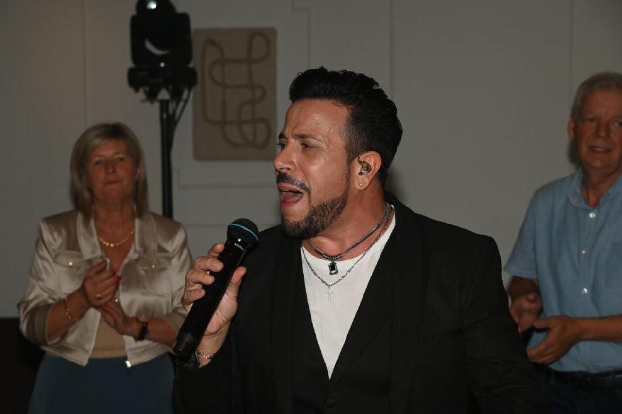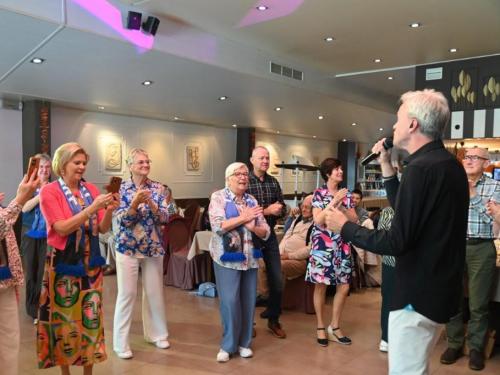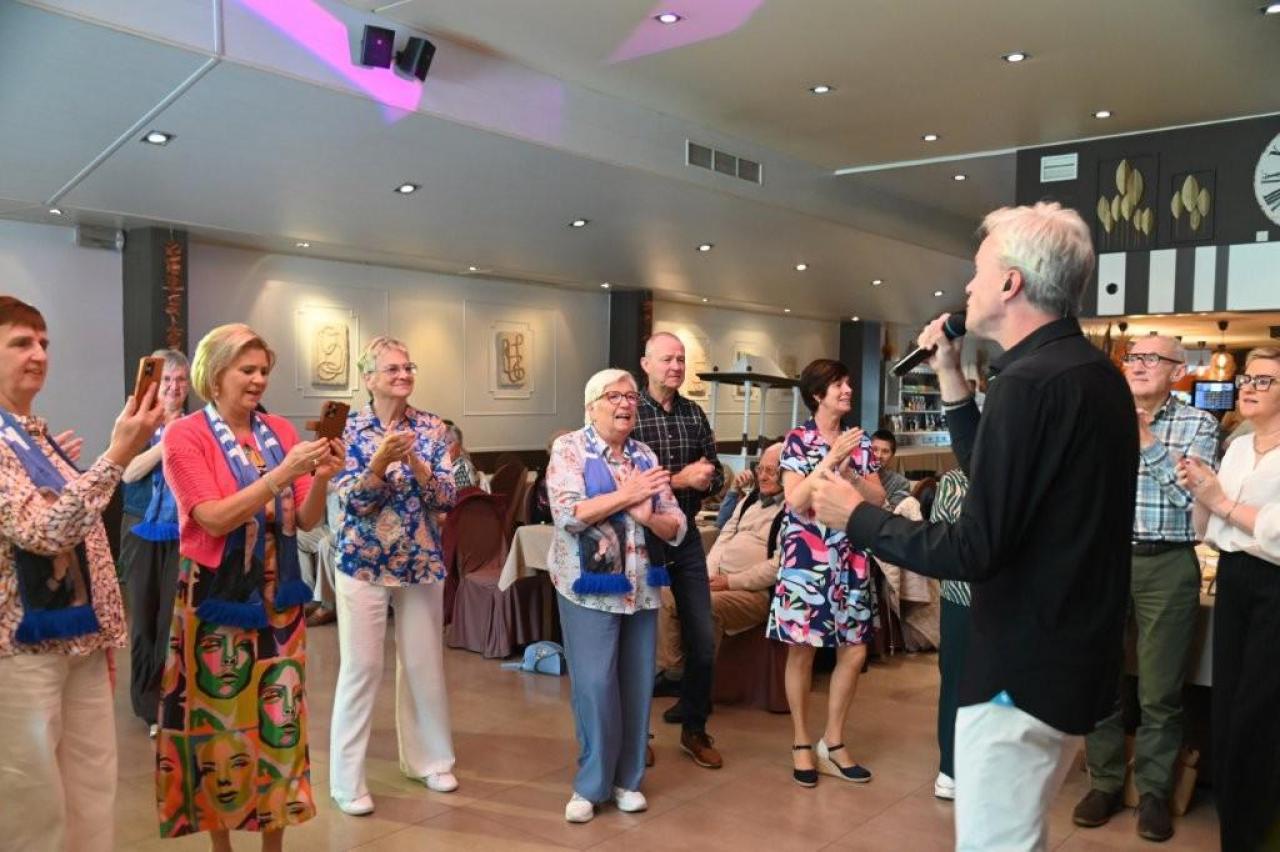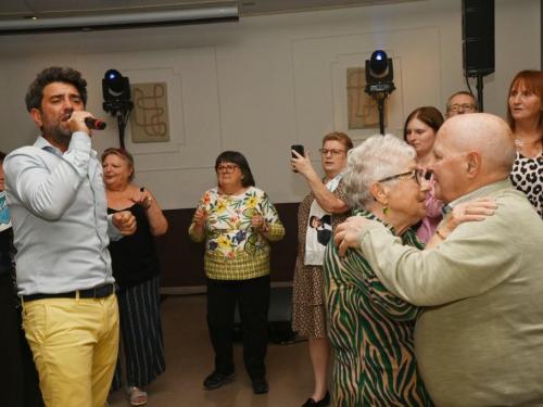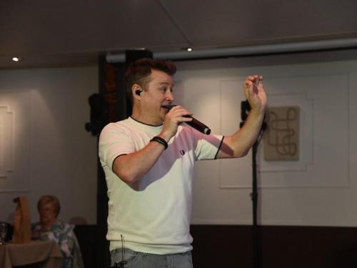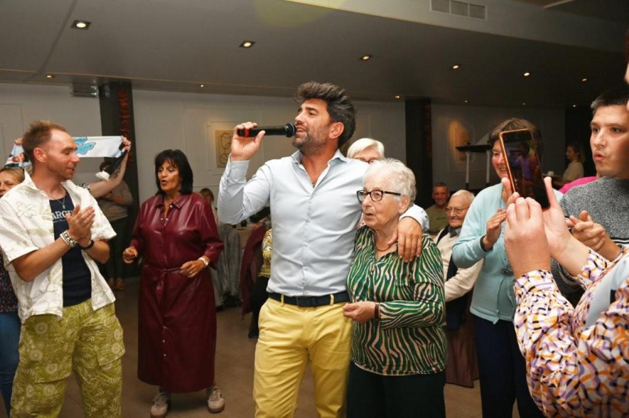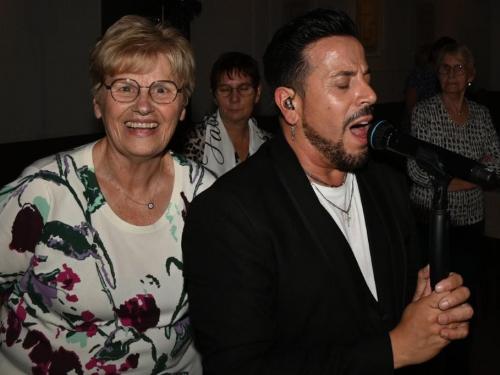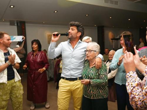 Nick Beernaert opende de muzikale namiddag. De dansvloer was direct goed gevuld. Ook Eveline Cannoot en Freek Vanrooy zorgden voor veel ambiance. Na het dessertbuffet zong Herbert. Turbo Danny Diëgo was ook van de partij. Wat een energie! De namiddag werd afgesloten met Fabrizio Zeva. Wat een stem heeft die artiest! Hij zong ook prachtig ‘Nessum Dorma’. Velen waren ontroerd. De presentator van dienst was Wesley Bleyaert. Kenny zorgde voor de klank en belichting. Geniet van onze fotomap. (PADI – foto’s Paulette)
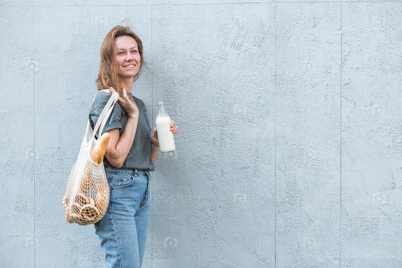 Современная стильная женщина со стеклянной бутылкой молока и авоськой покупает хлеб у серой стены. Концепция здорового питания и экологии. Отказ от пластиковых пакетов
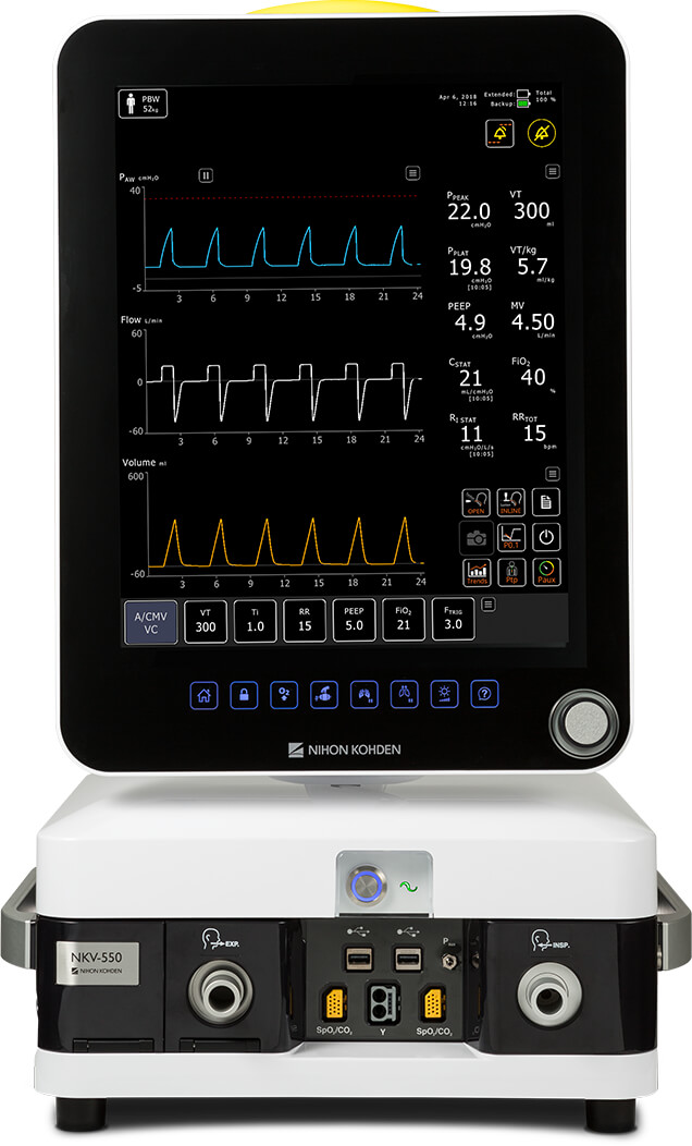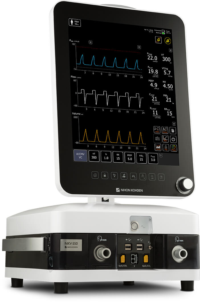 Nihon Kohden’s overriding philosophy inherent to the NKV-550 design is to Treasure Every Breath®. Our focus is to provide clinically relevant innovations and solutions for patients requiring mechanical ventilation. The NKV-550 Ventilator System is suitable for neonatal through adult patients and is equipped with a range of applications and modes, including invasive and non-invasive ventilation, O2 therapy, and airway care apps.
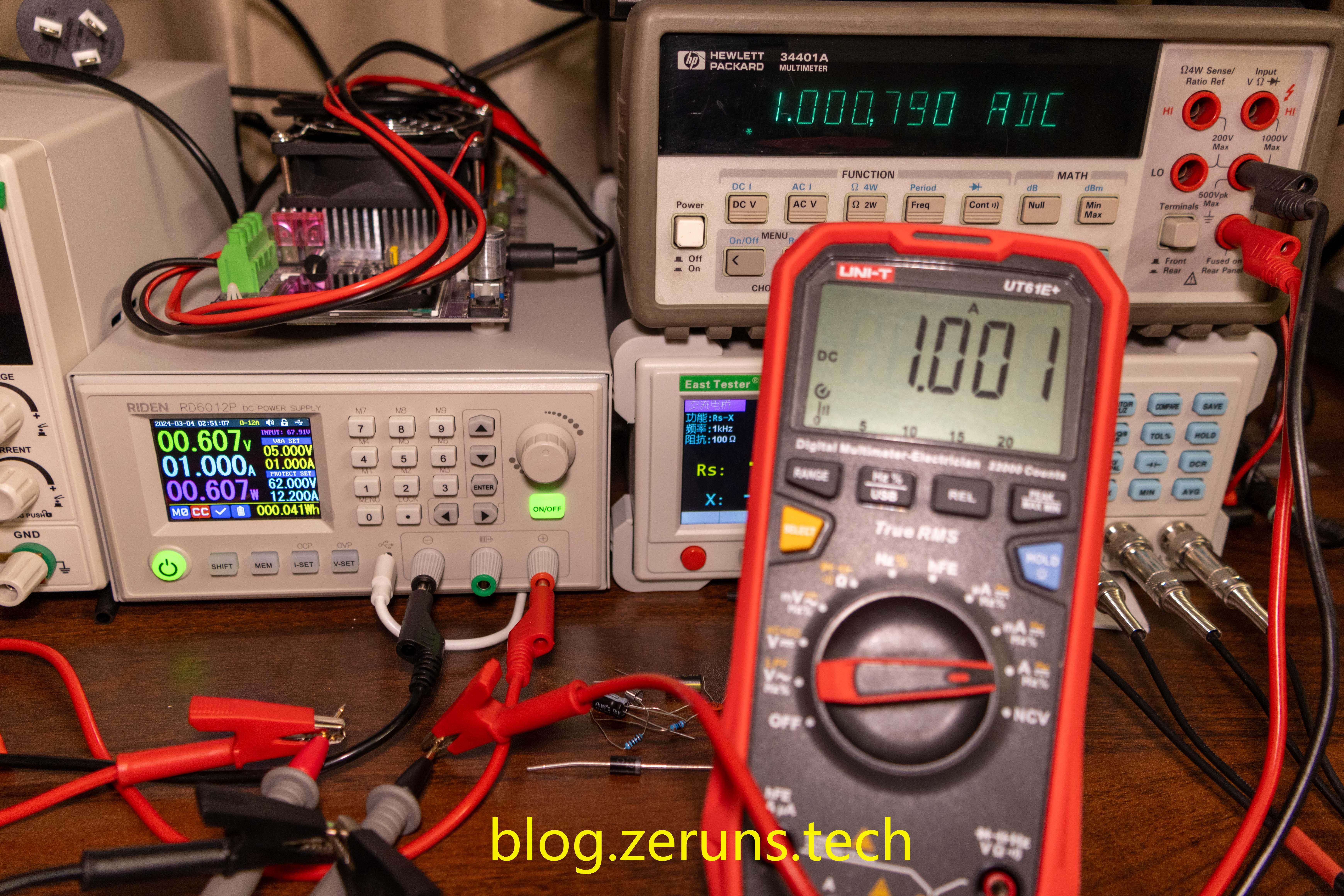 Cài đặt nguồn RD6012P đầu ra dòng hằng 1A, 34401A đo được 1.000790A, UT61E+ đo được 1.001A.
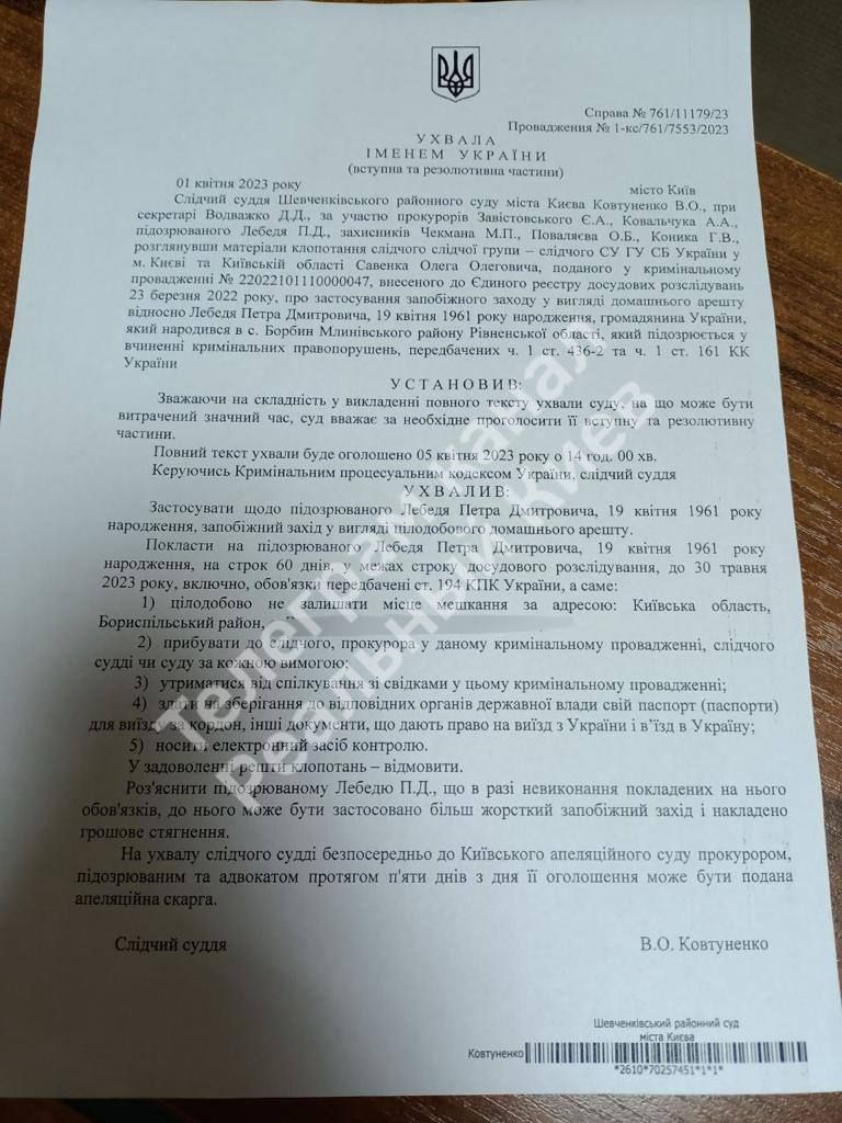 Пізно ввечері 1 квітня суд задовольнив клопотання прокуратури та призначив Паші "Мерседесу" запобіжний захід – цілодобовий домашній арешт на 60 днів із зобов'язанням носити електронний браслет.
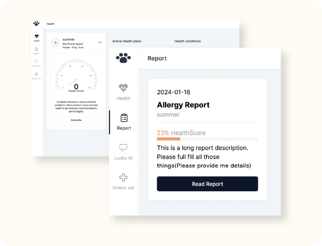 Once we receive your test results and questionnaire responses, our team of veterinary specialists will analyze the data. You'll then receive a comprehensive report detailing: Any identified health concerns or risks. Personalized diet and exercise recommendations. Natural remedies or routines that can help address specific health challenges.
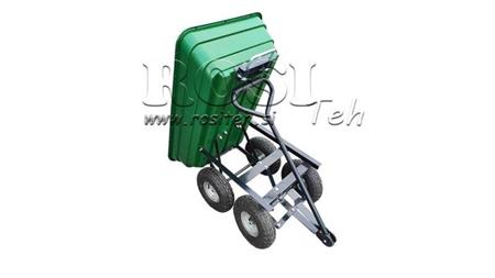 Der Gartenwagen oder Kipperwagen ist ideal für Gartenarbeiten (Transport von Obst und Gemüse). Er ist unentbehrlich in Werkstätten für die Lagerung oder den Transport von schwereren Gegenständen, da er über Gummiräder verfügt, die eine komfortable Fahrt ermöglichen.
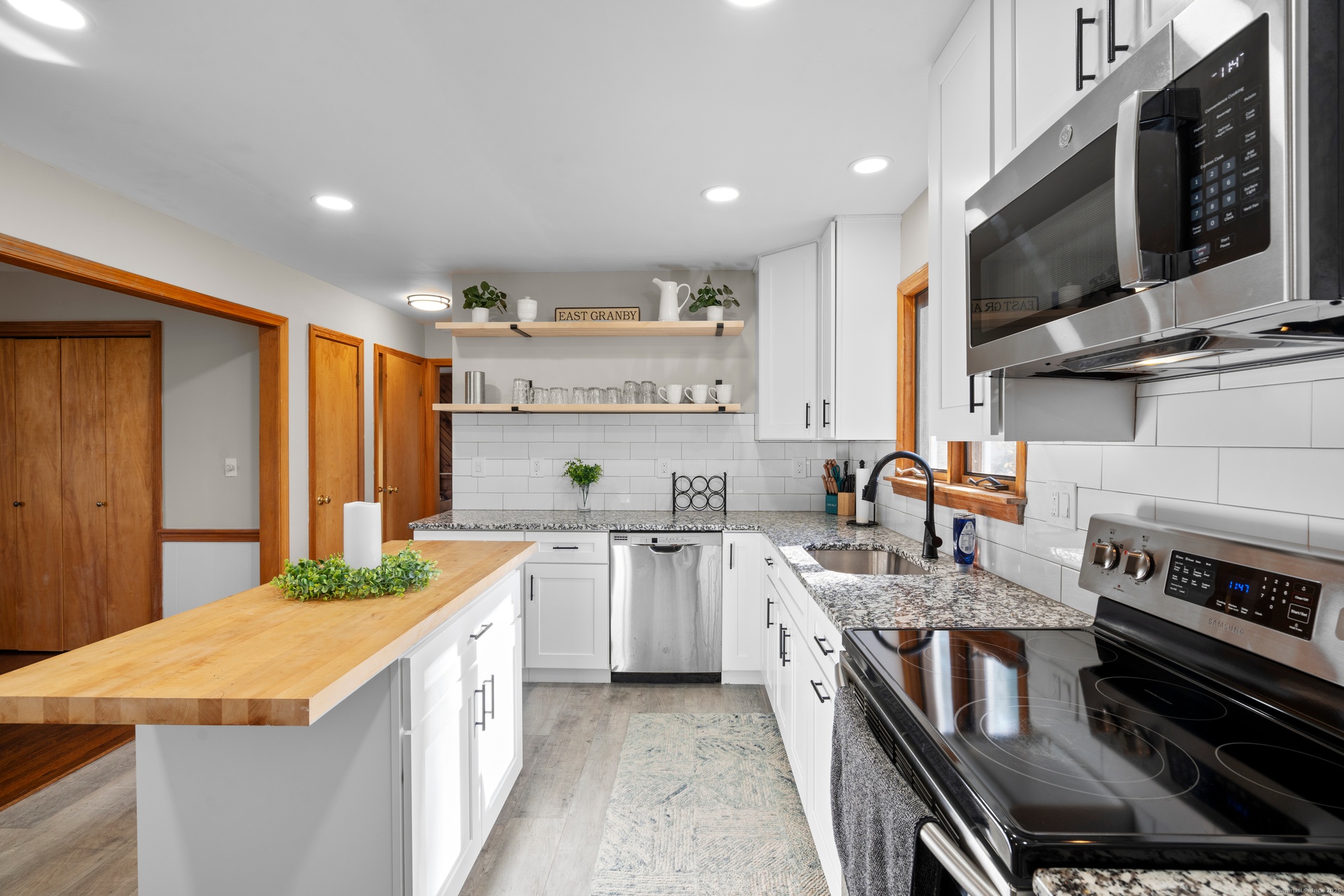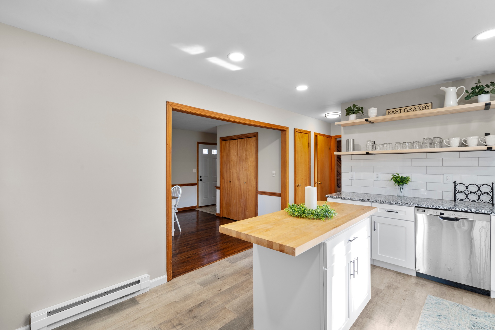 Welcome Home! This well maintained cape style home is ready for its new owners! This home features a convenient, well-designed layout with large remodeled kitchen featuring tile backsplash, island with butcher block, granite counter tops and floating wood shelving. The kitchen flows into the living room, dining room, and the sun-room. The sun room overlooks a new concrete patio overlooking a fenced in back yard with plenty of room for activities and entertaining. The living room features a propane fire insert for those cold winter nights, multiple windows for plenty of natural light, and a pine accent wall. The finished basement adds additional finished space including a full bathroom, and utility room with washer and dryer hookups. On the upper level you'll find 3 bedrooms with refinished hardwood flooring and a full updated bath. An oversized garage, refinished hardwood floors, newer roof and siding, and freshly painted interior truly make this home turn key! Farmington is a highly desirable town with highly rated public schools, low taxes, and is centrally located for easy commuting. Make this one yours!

• • • • •

### [PROMPT]
What's needed is an exact copy of the lines above from the one with "Once we receive" through the one with "Der Gartenwagen oder", both included; the pictures stay out.

### [RESPONSE AREA]
 Once we receive your test results and questionnaire responses, our team of veterinary specialists will analyze the data. You'll then receive a comprehensive report detailing: Any identified health concerns or risks. Personalized diet and exercise recommendations. Natural remedies or routines that can help address specific health challenges.
 Der Gartenwagen oder Kipperwagen ist ideal für Gartenarbeiten (Transport von Obst und Gemüse). Er ist unentbehrlich in Werkstätten für die Lagerung oder den Transport von schwereren Gegenständen, da er über Gummiräder verfügt, die eine komfortable Fahrt ermöglichen.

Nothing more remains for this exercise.